Create a data synchronization task

  1. Log on to the DataWorks console.
  2. On the Workspaces page, find the target workspace and click Data Analytics in the Actions column.
  3. In the DataStudio console, move the pointer over the Create icon and click Workflow.Create icon
  4. In the Create Workflow dialog box, set Workflow Name and Description. Then, click Create.
  5. In the navigation tree, right-click Data Integration and choose Create > Batch Synchronization.
  6. In the Create Node dialog box, set Node Name and click Commit.
  7. Click the Switch to Code Editor icon in the toolbar.
  8. Configure the data synchronization script.

    For more information, see Create a sync node by using the code editor.

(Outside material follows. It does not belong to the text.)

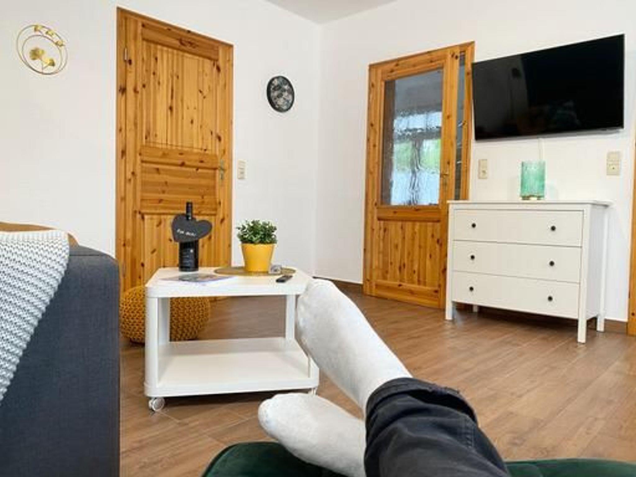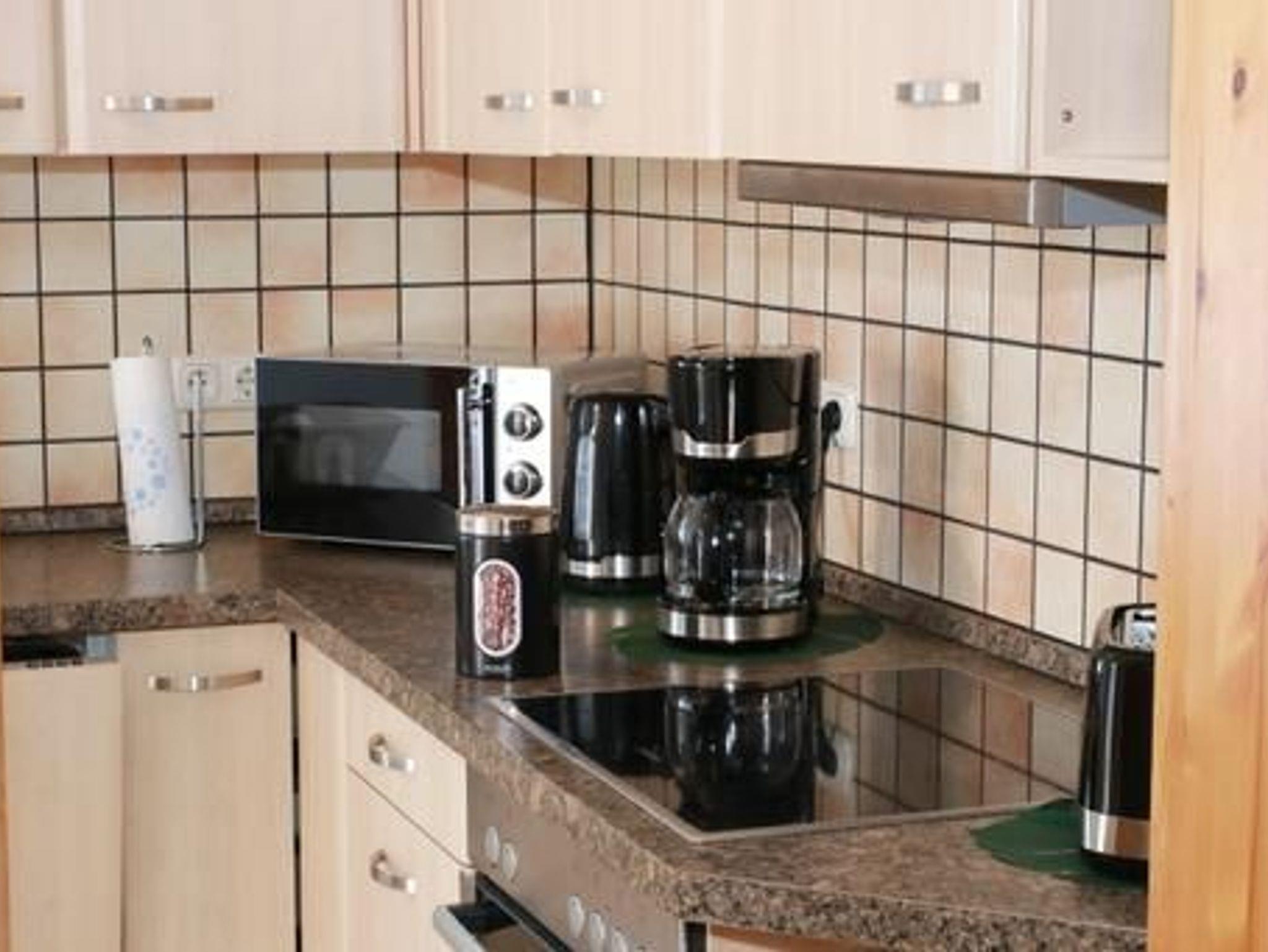 • Offener, hell gestalteter Wohnraum mit Küche mit Fenster, Kühlschrank mit Eisfach, Mikrowelle, Kaffeemaschine, Wasserkocher, Toaster, Eierkocher, Mixer, Herd mit 4 Platten, Essecke, Flachbildfernseher/Kabelanschluss, HiFi/CD Player, Schlafsofa für 2 Personen

    The following code provides an example script for retrieving information about students and their examinations from two tables:
    {
       "type": "job",
       "steps": [
           {
               "stepType": "mysql",
               "parameter": {
                   "column": [
                       "id",
                       "name",
                       "sex",
                       "birth",
                       "department",
                       "address"
                   ],
                   "connection": [
                       {
                           "querysql":["SELECT student.id,name,sex,birth,department,address,c_name,grade FROM student JOIN score on student.id=score.stu_id;"],
                           "datasource": "zl_test_rdsmysql",
                           "table": [
                               "score"
                           ]
                       }
                   ],
                   "where": "",
                   "splitPk": "",
                   "encoding": "UTF-8"
               },
               "name": "Reader",
               "category": "reader"
           },
           {
               "stepType": "elasticsearch",
               "parameter": {
                   "accessId": "elastic",
                   "endpoint": "http://es-cn-0p*********2dpxtx.elasticsearch.aliyuncs.com:9200",
                   "indexType": "score",
                   "accessKey": "******",
                   "cleanup": true,
                   "discovery": false,
                   "column": [
                       {
                           "name":"student_id",
                           "type":"id"
                       },
                        {
                           "name": "sex",
                           "type": "text"
                       },
                       {
                           "name": "name",
                           "type": "text"
                       },
                       {
                           "name": "birth",
                           "type": "integer"
                       },
                       {
                           "name": "quyu",
                           "type": "text"
                       },
                       {
                           "name": "address",
                           "type": "text"
                       },
                       {
                           "name": "cname",
                           "type": "text"
                       },
                       {
                           "name": "grades",
                           "type": "integer"
                       }
                   ],
                   "index": "mysqljoin",
                   "batchSize": 1000,
                   "splitter": ","
               },
               "name": "Writer",
               "category": "writer"
           }
       ],
       "version": "2.0",
       "order": {
           "hops": [
               {
                   "from": "Reader",
                   "to": "Writer"
               }
           ]
       },
       "setting": {
           "jvmOption": "-Xms1024m -Xmx1024m",
           "errorLimit": {
               "record": ""
           },
           "speed": {
               "throttle": false,
               "concurrent": 1
           }
       }
    }

    This script includes three parts:

    • Reader: used to configure the MySQL reader. querysql is used to define an SQL statement to retrieve data based on specified conditions. If querysql is configured, the reader ignores the table, column, where, and splitPk conditions. querysql has a higher priority than table, column, where, and splitPk. The datasource uses querysql to parse the username and password.
    • Writer: used to configure the Elasticsearch writer.
      • endpoint: the internal or public endpoint of the Elasticsearch cluster. To connect to your Elasticsearch cluster, you must configure the public network whitelist or VPC whitelist on the Security page of your Elasticsearch cluster.
      • accessId: the username that is used to access the Elasticsearch cluster. Default value: elastic.
      • accessKey: the password that is used to access the Elasticsearch cluster.
      • index: the name of the index on the Elasticsearch cluster.
      Notice Reader reads data from the specified fields and saves the data in arrays. Writer then retrieves the data from the arrays and writes the data into the defined fields in sequence. Therefore, the fields in the Reader and Writer parts must be defined in the same order.
    • setting: used to configure the settings related to packet loss and maximum concurrency.
  9. After the synchronization script is configured, click Resource Group configuration and select the resource group. Then, click the Run icon icon to synchronize data from the MySQL database to the Elasticsearch cluster.Select a resource group

Verify the data synchronization result

  1. Log on to the Kibana console of the Elasticsearch cluster.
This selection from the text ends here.